When she was still Secretary of State, Hillary Clinton, ex- declared that the U.S. ﬁrms should look for « sustainable partnerships in Africa that add value rather than extract it. » (Salvaterra, 2012) However, these countries still have a long way to go, as they have been using international treaties that have weakened African nations (Nunn & Price, 2004) and that are seen as « promoting an aggravated form of worldwide unequal exchange » (Sautman, B &
Hairong, Y, 2007). China, on the other side, has been promoting infrastructure, human capital and other long-term investment, while Western countries have been promoting only primary products and ﬁrst-aid. China’s government has never given any ofﬁcial political support, while keeping smooth relationships with the African leaders, which is a deep difference with the U.S. and the E.U.
This difference seems to be the most obvious when it comes to aid in Africa. Western countries’ aid is called « tied aid », meaning that the aid will only provided in certain conditions, which will beneﬁt the stakeholder performing the aid. For example,when a U.S. passes a contract with an African developing country, it ties the ﬁnancial aid it will provide to this African country to the obligation to use this money to buy goods from American ﬁrms or non-proﬁt organizations.
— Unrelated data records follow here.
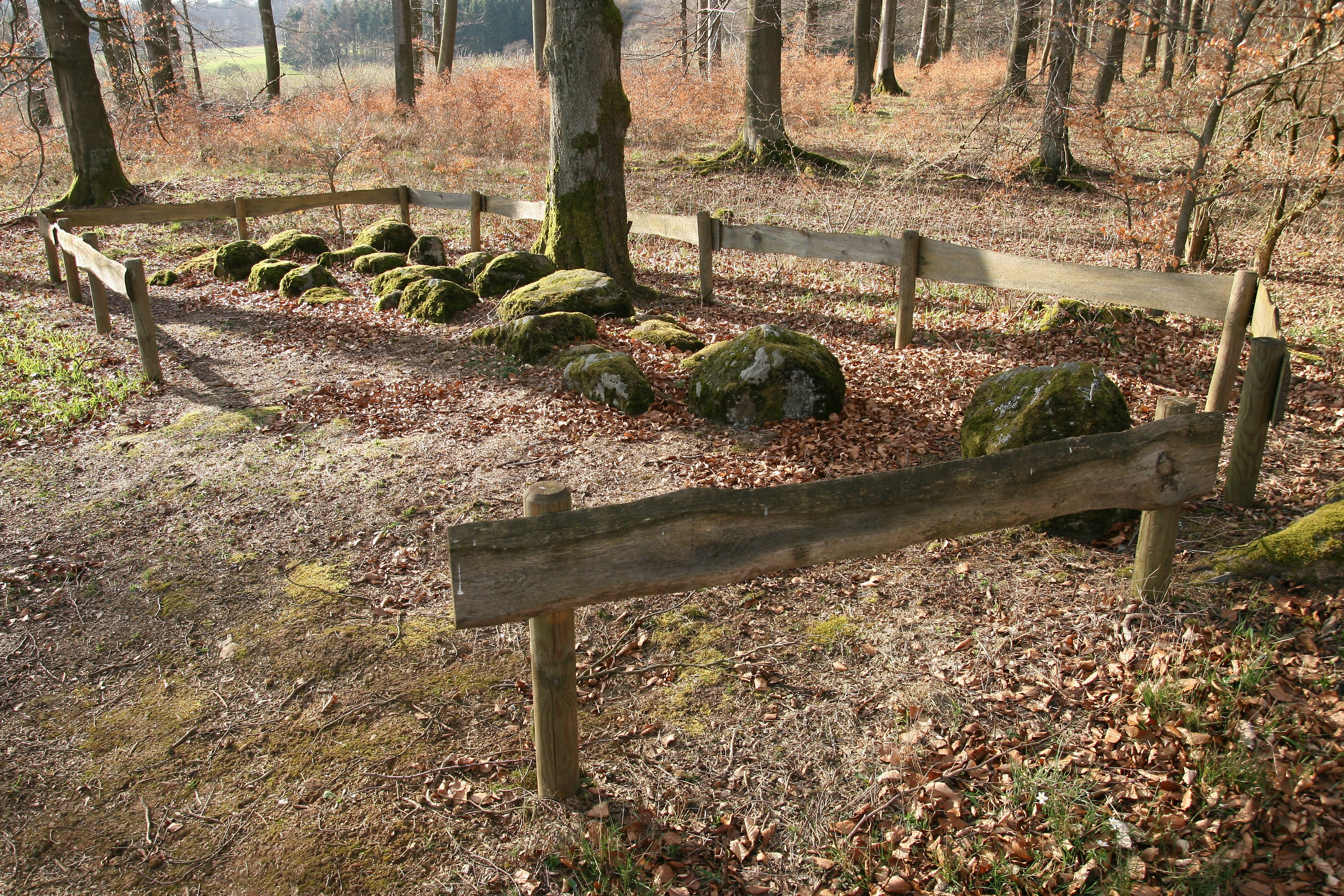 Supposed astronomical stone setting, approx. 1 km north-north-east of Wölferlingen (Westerwald, Germany) at the edge of a forest
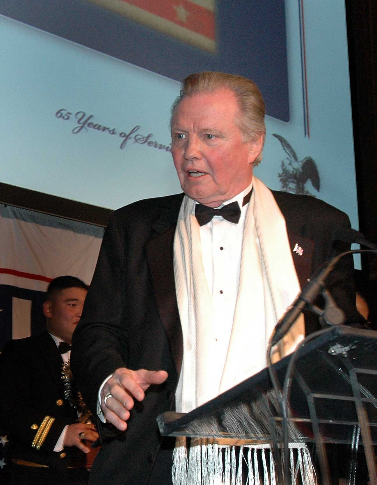 Master of Ceremonies, Jon Voight, jokes with the crowd before the presentation of the George M. Van Cleave Military Leadership Award during the 45th Annual Gold Medal Dinner & Armed Forces Gala in New York City, Dec. 7. The USO presented former Commandant of the Marine Corps, Gen. Michael W. Hagee with the USO Gold Medal Award at the event.
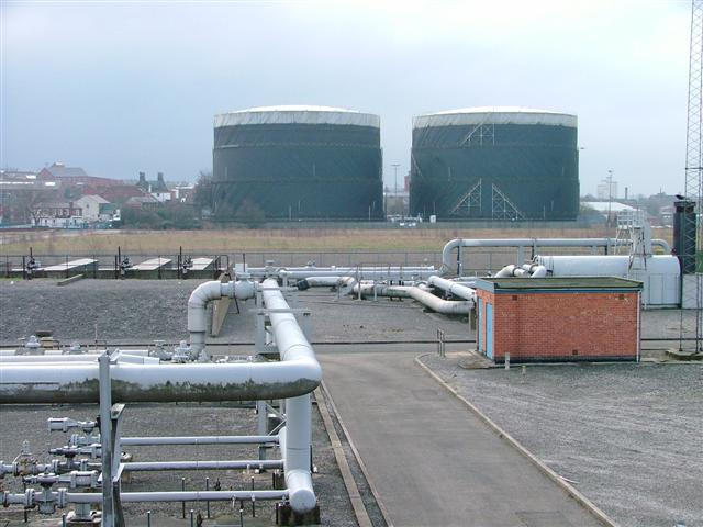 Basford Gas Works. Viewed from the Ring Road bridge this 19-acre former gasworks site at Basford was the principal gas production facility for the City of Nottingham from 1854 to 1972 when the site stopped producing gas. After 1972 the site was used as a depot and training facility for British Gas. More recently the site has undergone an extensive soil washing process by the National Grid to remove contamination.
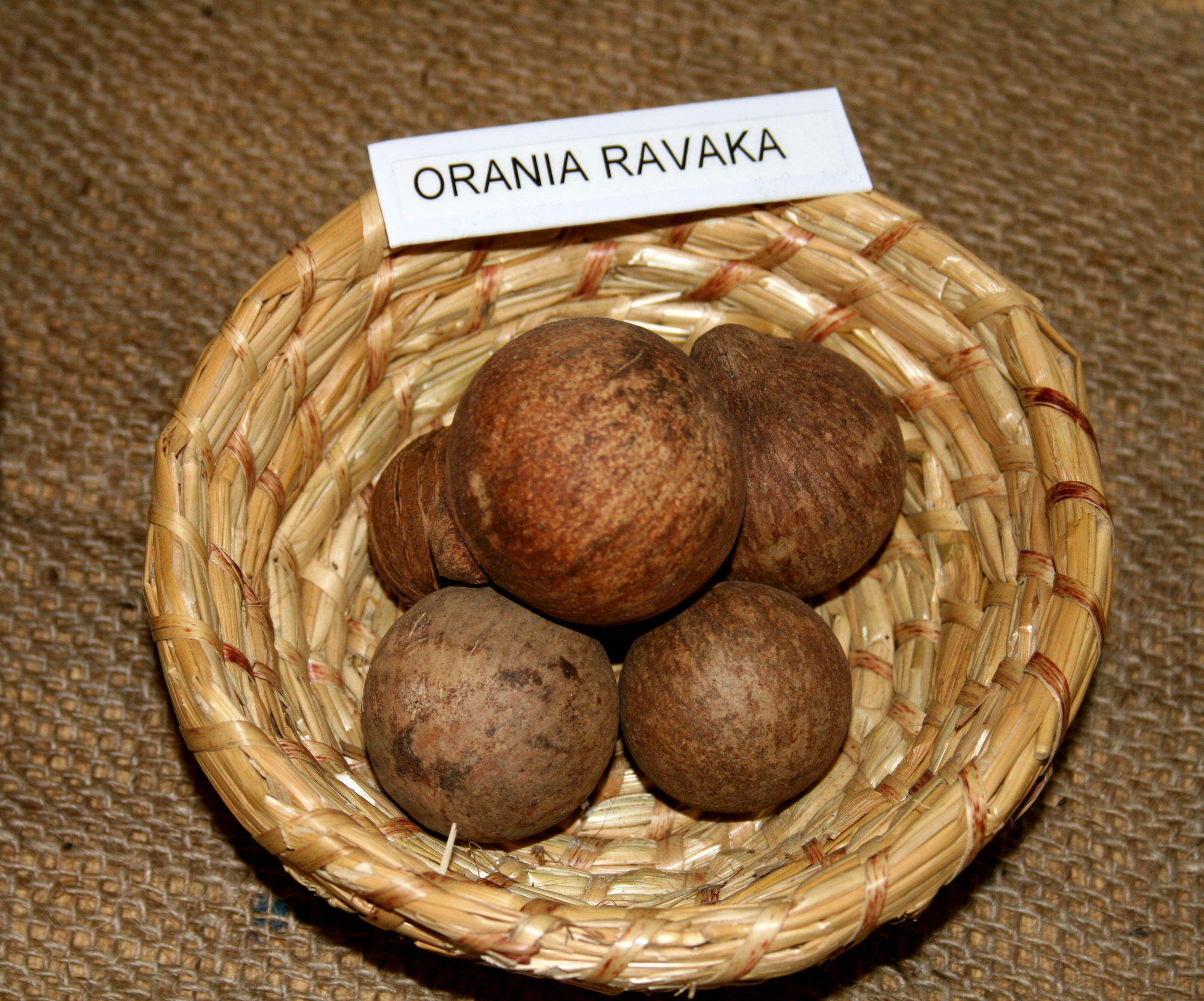 Seeds of palm Orania ravaka semena palmy Orania ravaka Prague Botanic garden Date=January 2008 Author= Karelj
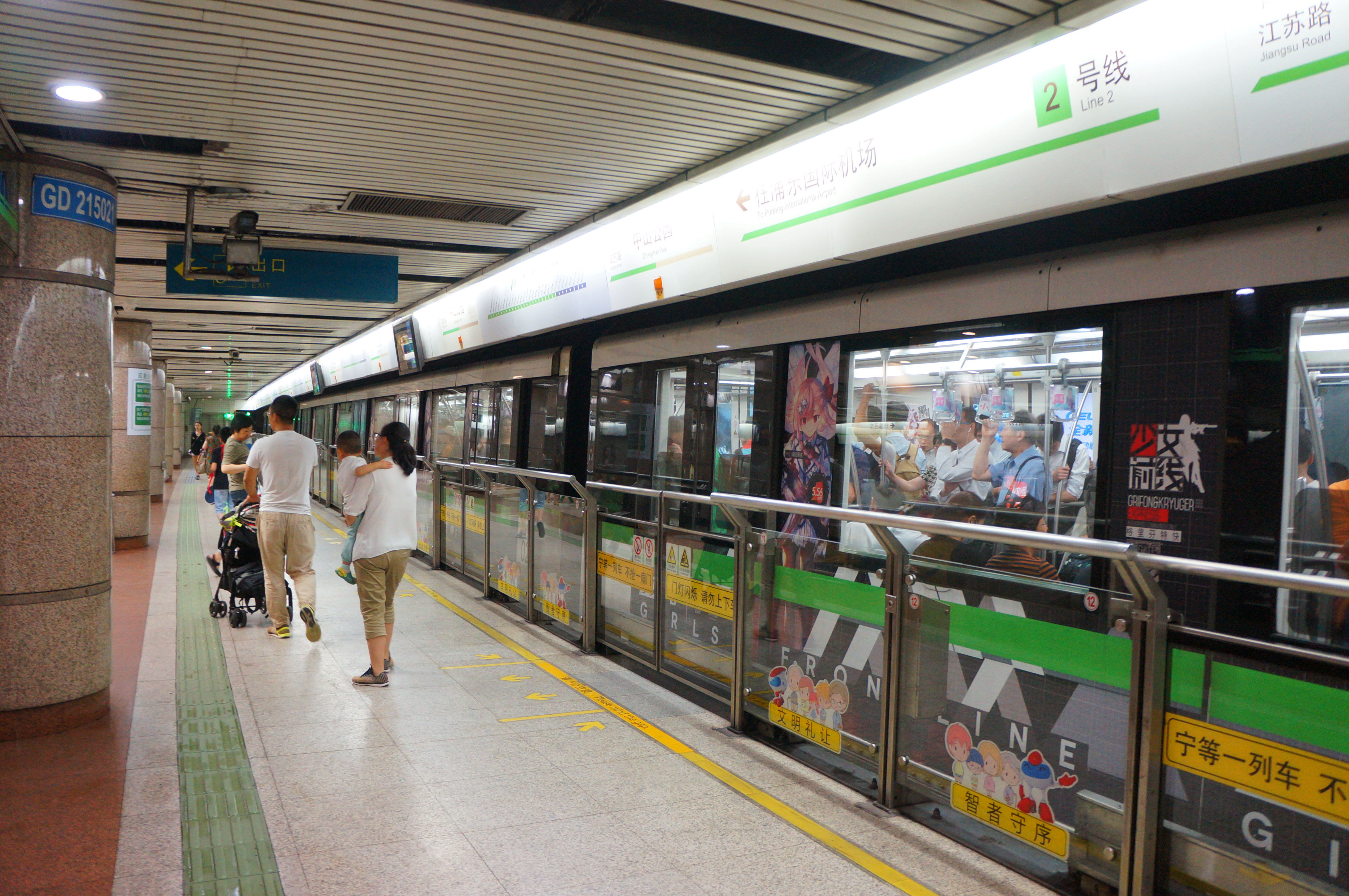 201706 Shanghai Metro AC08 Grifongkryuger Express Train at Zhongshan Park Station. OK, all station cats between Jing'an Temple and Songhong Road has images about trains advert livery except for Loushanguan Road Station.

Chinese aid, on the contrary is mostly « untied ». The best description of this divergence of strategies between China and the Western countries seem to be described by Julius Nyere (1974), when he declared that « the Chinese people have not asked us to become communists in order to qualify for this loan… They have never at any point suggested that we should change any of our policies ».
The main reason why it is easier for Chinese ﬁrms to do business in Africa than for other ﬁrms seem to be contained in this quote. China has been building a positive relationship with African countries, where both parties are winning and where Africa’s free agency is taken into account and even valued. The Chinese diplomats and companies have managed to lower the risk of corruption and of change from the African people by building a good image in their eyes and becoming « friends » with them.
On the other side, Western ﬁrms still suffer from these risks of corruption as they rarely beneﬁt from a trust-based relationship in the African countries, which is crucial when trying to work around this problem. By having neocolonialist behaviors and building win-lose situations instead of win-win situations, they made it even worse for them to do business in Africa.